I've used ggbiplot to produce a biplot. I want points of different colours for different factor levels and the size of points to represent sample size. The problem that's driving me nuts is that part of the size vector c(1,2,2,1,3,2,2,1,3,3,2,1,1,1,2,3,2,2,3,1
is printed in the legend:
I used:
library(ggbiplot)
pplot <- function(pcaMatrix, cultures, sample.size = NA, FIRST=1, SECOND=2, ELLIPSE.PROB=0.68, SCALE = FALSE, LABELS=NULL){
PCA <- prcomp(na.omit(pcaMatrix), scale. = SCALE)
plot <- ggbiplot(PCA, obs.scale = 1, var.scale = 1, labels=LABELS, ellipse = {Ellipse.prob>0}, groups=cultures, circle = FALSE, choices=c(FIRST,SECOND), ellipse.prob=ELLIPSE.PROB)
plot <- plot + geom_point(aes_string(colour=cultures, size = sample.size)) #+ scale_size_identity()
plot <- plot + scale_color_discrete(name = '')
plot <- plot + scale_size_continuous(labels = c("200+", "500+", "1000+", "2000+", "4000+"))
plot <- plot + theme(legend.direction = 'horizontal', legend.position = 'top')
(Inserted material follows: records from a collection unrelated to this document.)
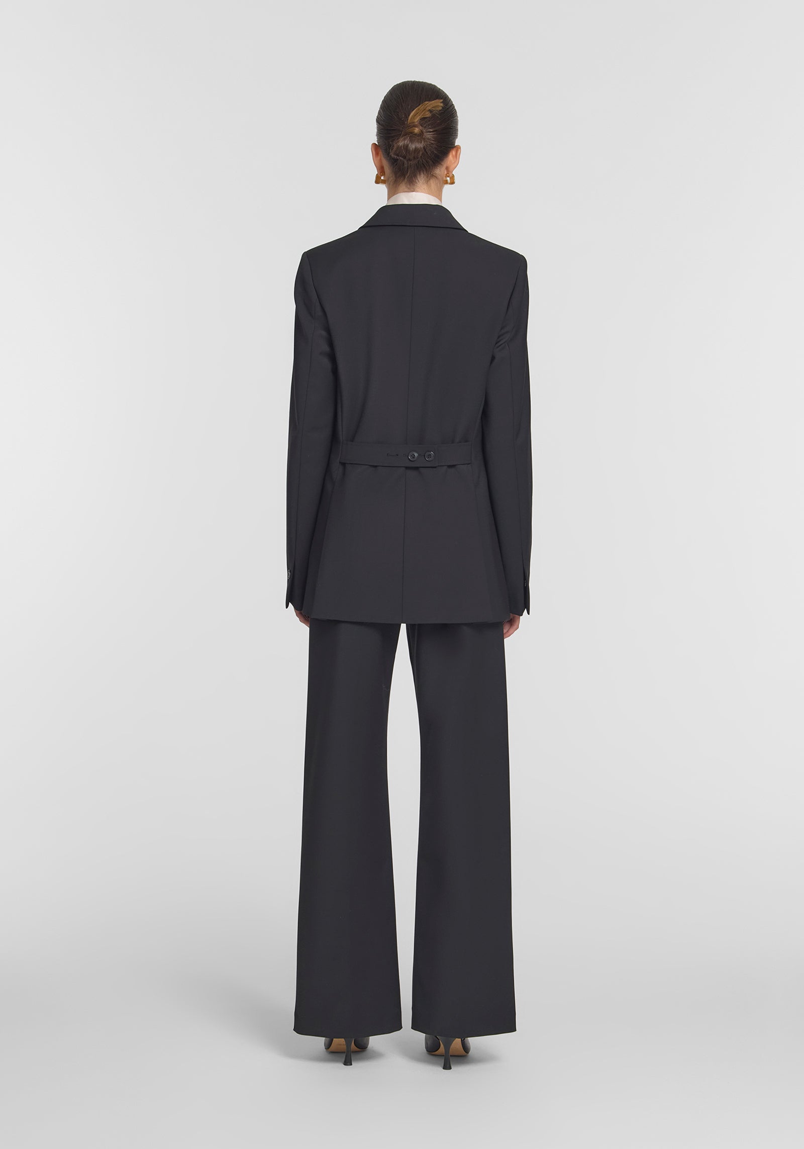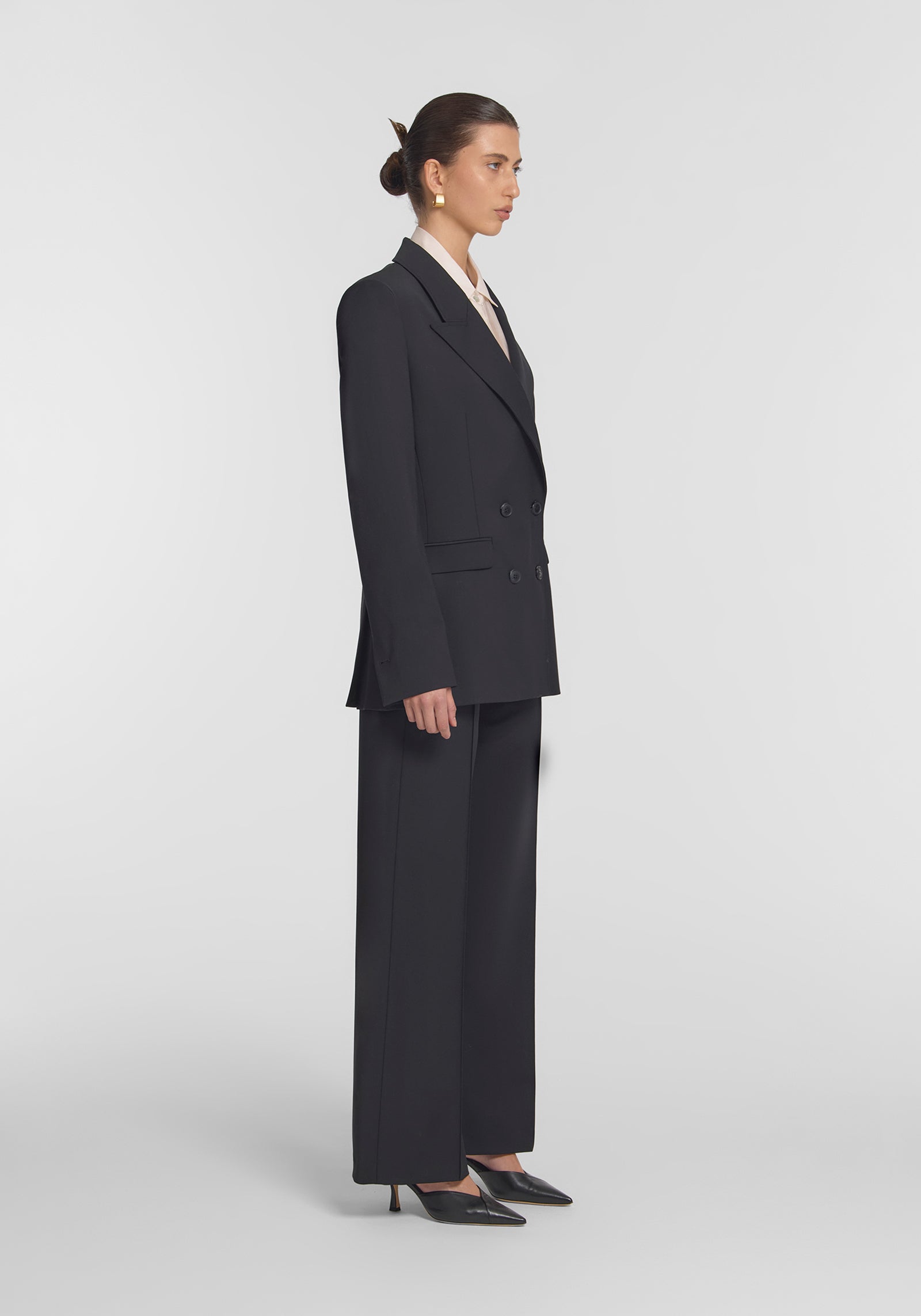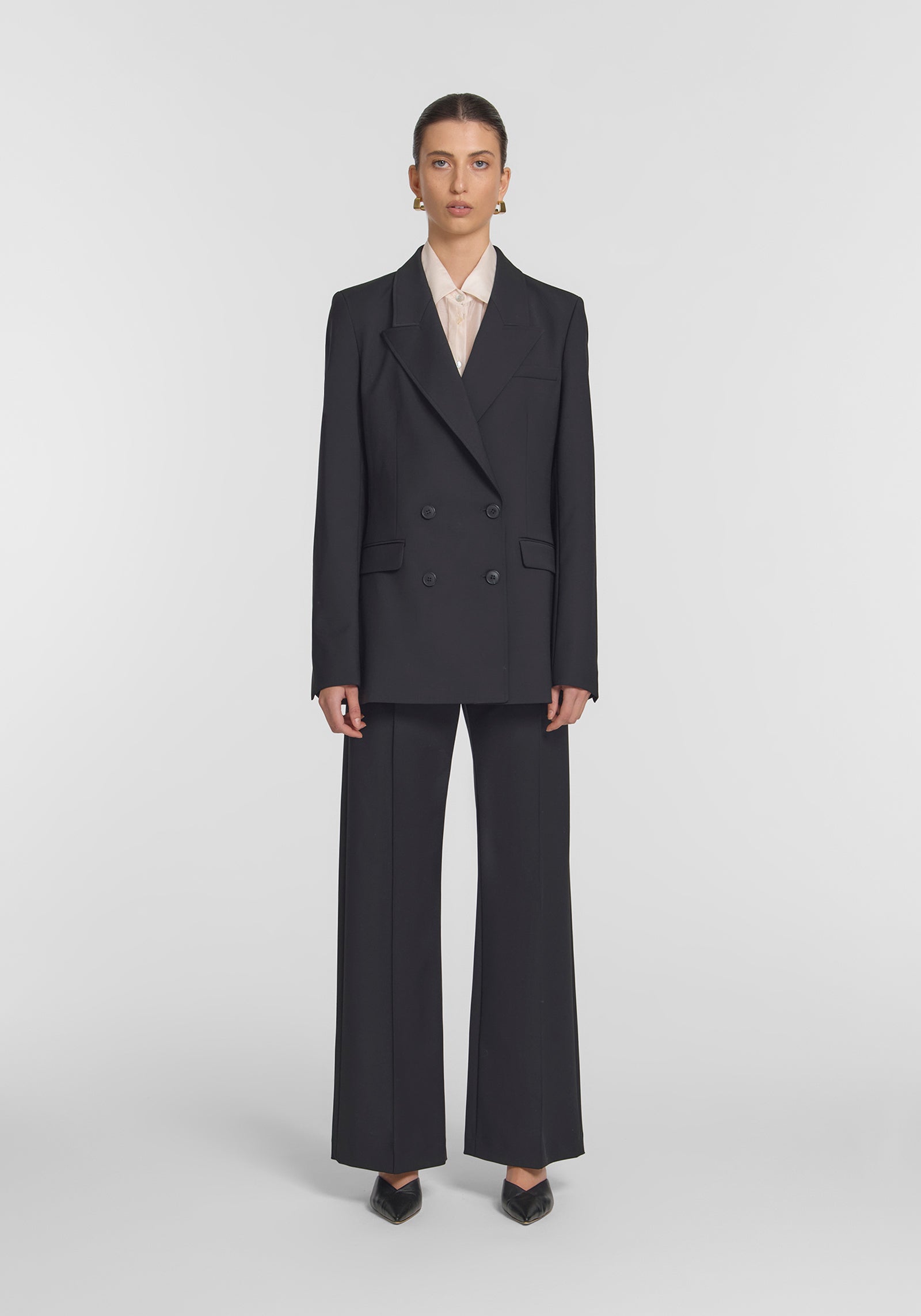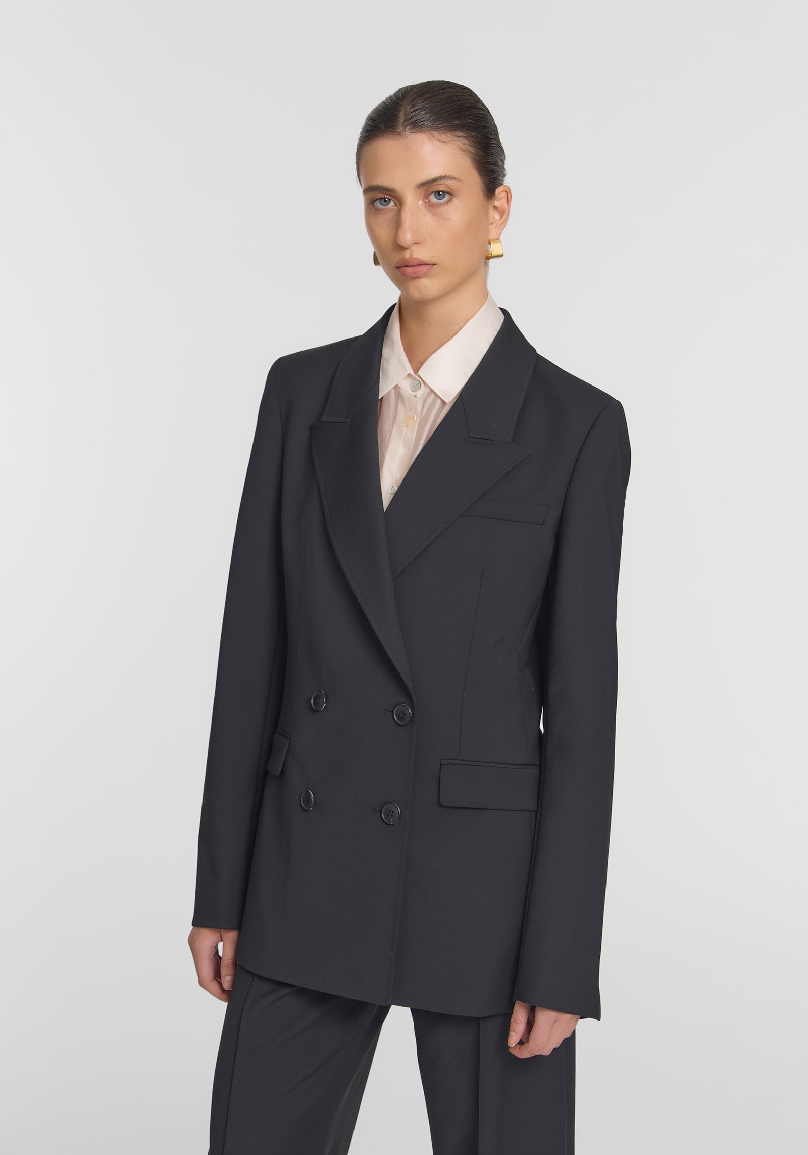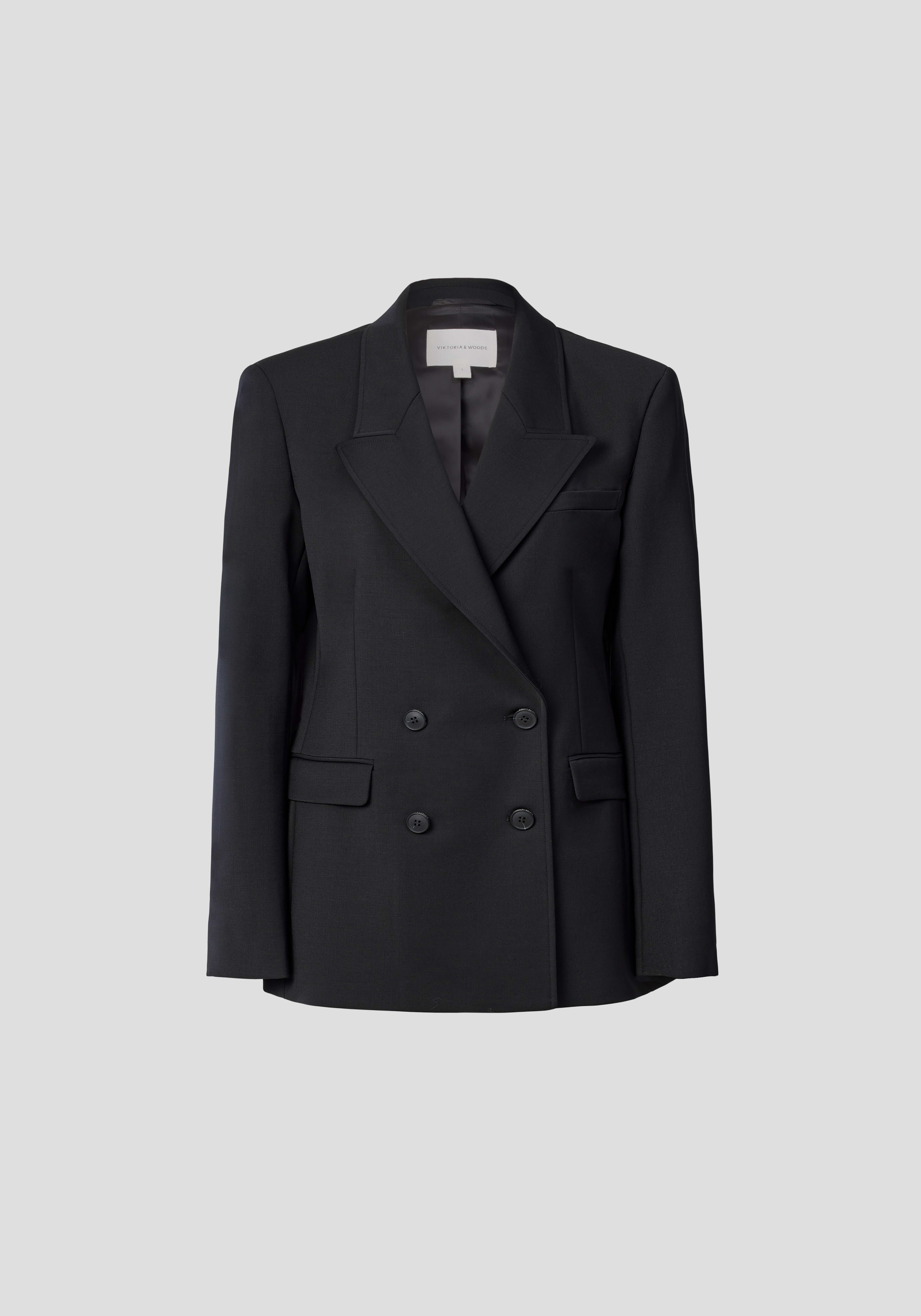 A timeless black blazer, the Vermont Blazer is crafted from a classic wool blend. Featuring a double-breasted silhouette, subtly tailored waist, shoulder pads, and a peaked collar, it combines modern tailoring with classic elegance. Finished with signature logo buttons and branded lining, this staple pairs seamlessly with the Bateman Trouser for a polished suiting look, essential for modern workwear.
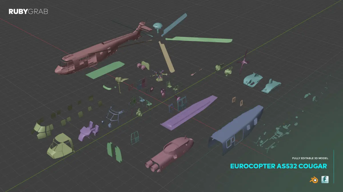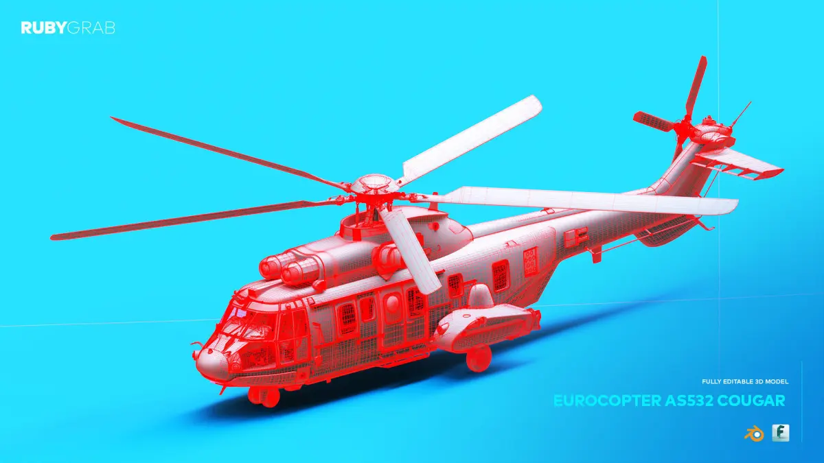 The Eurocopter AS532 Cougar is a highly detailed and fully editable 3D model of one of the most versatile medium-lift helicopters used in military and civilian operations. This package includes both .blend and .fbx file formats, ensuring seamless compatibility with a wide range of 3D design and visualization software. Perfect for use in engineering simulations, animations, or aviation-related projects, this model provides exceptional accuracy and flexibility for any professional or creative application. Its realistic design makes it a valuable asset for anyone working on helicopter-related visualizations or technical studies.
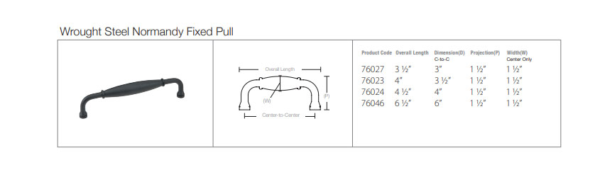 Emtek 76027, Wrought Steel Normandy Fixed Cabinet Pulls, 3″ C-C, Shown In Flat Black Steel
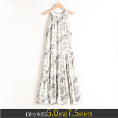 瑕疵女装夏季真丝桑蚕丝连衣裙名媛风碎花长裙印花真J14
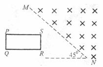 21.如图所示,PQRS为一矩形导线框,边PS水平放置,且PS=2PQ。它 以恒定的水平速度向右进入以MN为边界足够大的匀强磁场中,磁场方向垂直线框平面,MN直线与水平方向成45°角。从S点刚进磁场开始计时,设电流逆时针方向为正,则线框中的感应电流随时间的变化关系图象正确的是 ( )

plot <- plot + theme(aspect.ratio=1)
print(plot)
}
pplot(grav, grav.cultures, grav.sample, 1,2, ELLIPSE.PROB=0)
where
> head(grav)
Microlithisme Substrat BpBG Crans Gm PD F
1 25.0 29.9 61.94226 0.5 0.3 27.0 0.3
2 44.8 29.3 20.93023 2.1 0.0 47.9 0.0
3 7.0 66.2 57.58929 0.5 0.2 5.8 0.2
4 13.2 12.9 55.41126 6.6 0.0 40.0 0.2
5 2.0 9.0 75.03045 0.1 0.0 6.9 0.0
6 16.4 17.3 51.36519 0.9 0.2 20.9 0.1
> head(grav.cultures)
[1] GR GR GR GR GR GR
Levels: AUR AZI EG EGL GR GR.Italy MAG SOL
The actual sample size is modified to control manually the size of points:
> head(grav.sample)
[1] 360 986 599 457 1222 899
grav.sample[grav.sample>=200 & grav.sample < 500] <- 1
grav.sample[grav.sample>=500 & grav.sample<1000] <- 2
grav.sample[grav.sample>=1000 & grav.sample<2000] <- 3
grav.sample[grav.sample>=2000 & grav.sample<4000] <- 4
grav.sample[grav.sample>=4000 & grav.sample<8000] <- 5
> head(grav.sample)
[1] 1 2 2 1 3 2
I really just can't figure this one out. Why is part of the size vector printing in my legend?